Topological Alignment of Shared Vision-Language Embedding Space
Junwon You, Dasol Kang, Jae-Hun Jung
TL;DR
The paper tackles English-dominant cross-lingual alignment in multilingual contrastive vision-language models by introducing ToMCLIP, a topology-aware training framework. It adds topology-preserving objectives, notably a topological alignment loss $L_{ta}$ based on persistence-diagram distances and a distance-matrix loss $L_{dm}$, alongside the standard pointwise loss $L_{pw}$, with scalable persistence-diagram approximations via MST-based sparsification.
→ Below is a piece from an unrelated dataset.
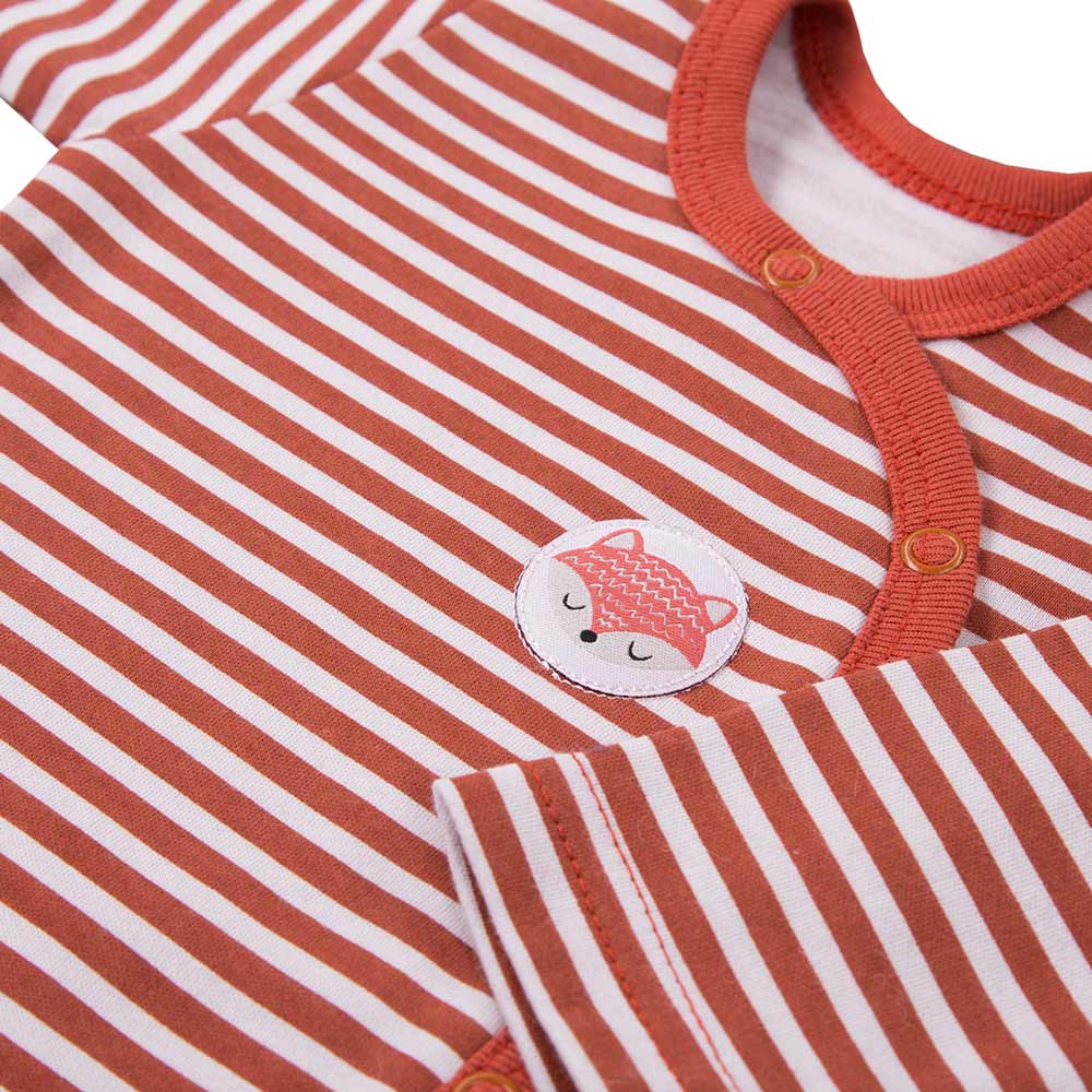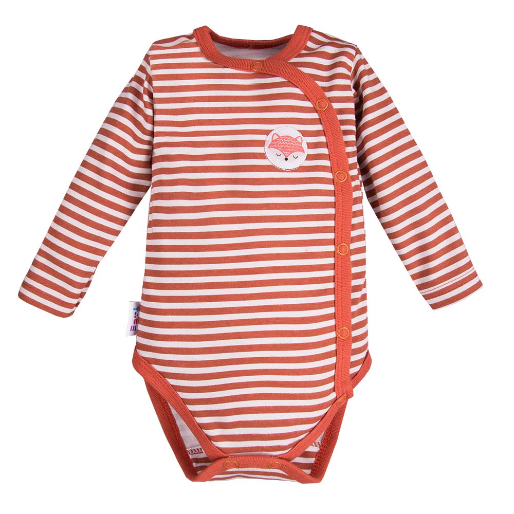 Babybody für Mädchen aus der Kollektion „Adventure”, genäht aus weichem und angenehm anzufassendem Baumwollstrick mit roten Streifen. Auf der Vorderseite des Bodys befindet sich ein niedlicher Aufnäher mit einem Fuchs. Der Schnitt ermöglicht ein vollständiges Aufknöpfen an der Seite und im Schritt, wodurch der Body funktional und bequem ist. Der Body ist mit einem weichen Saum versehen. Babybodys eignen sich ideal für die ersten Lebensmonate des Kindes und gehören zu den von Müttern am häufigsten gewählten Artikeln. Die Babykleidung von Eevi wird mit Sorgfalt für den Komfort und die Sicherheit der Haut Ihres Kindes hergestellt. Warum vertrauen Mütter der Marke Eevi seit Jahren so sehr? Die Produkte werden mit Präzision und unter Verwendung von Materialien höchster Qualität genäht. Bei der Herstellung von Babykleidung verwenden wir ausschließlich ökologische Farben, die für die Haut von Kindern und Babys unbedenklich sind. Die Stickereien in unseren Produkten sind von innen gesichert, damit sie die empfindliche Haut des Kindes nicht reizen. Alle Druckknöpfe und Verschlüsse, die wir in unseren Produkten verwenden, sind nickelfrei. Die von uns angebotenen Bodys sind zertifiziert: „Sicher für Kinder” „Sicher für Babys” Zusammensetzung: 100 % hochwertige Baumwolle Alter des Kindes: von 0 bis 9 Monaten PRODUKT 100 % POLNISCH

Empirical results show ToMCLIP improves zero-shot CIFAR-100 accuracy across 13 languages and enhances multilingual retrieval on xFlickr&CO, validating that preserving global embedding-space topology yields robust cross-lingual and cross-modal structure. The approach generalizes beyond VLMs, offering a principled method to incorporate topological alignment into broader representation-learning tasks.
Abstract
Contrastive Vision-Language Models (VLMs) have demonstrated strong zero-shot capabilities. However, their cross-modal alignment remains biased toward English due to limited multilingual multimodal data. Recent multilingual extensions have alleviated this gap but enforce instance-level alignment while neglecting the global geometry of the shared embedding space. We address this problem by introducing ToMCLIP (Topological Alignment for Multilingual CLIP), a topology-aware framework aligning embedding spaces with topology-preserving constraints. The proposed method applies persistent homology to define a topological alignment loss and approximates persistence diagram with theoretical error bounds using graph sparsification strategy. This work validates the proposed approach, showing enhanced structural coherence of multilingual representations, higher zero-shot accuracy on the CIFAR-100, and stronger multilingual retrieval performance on the xFlickr&CO. Beyond VLMs, the proposed approach provides a general method for incorporating topological alignment into representation learning.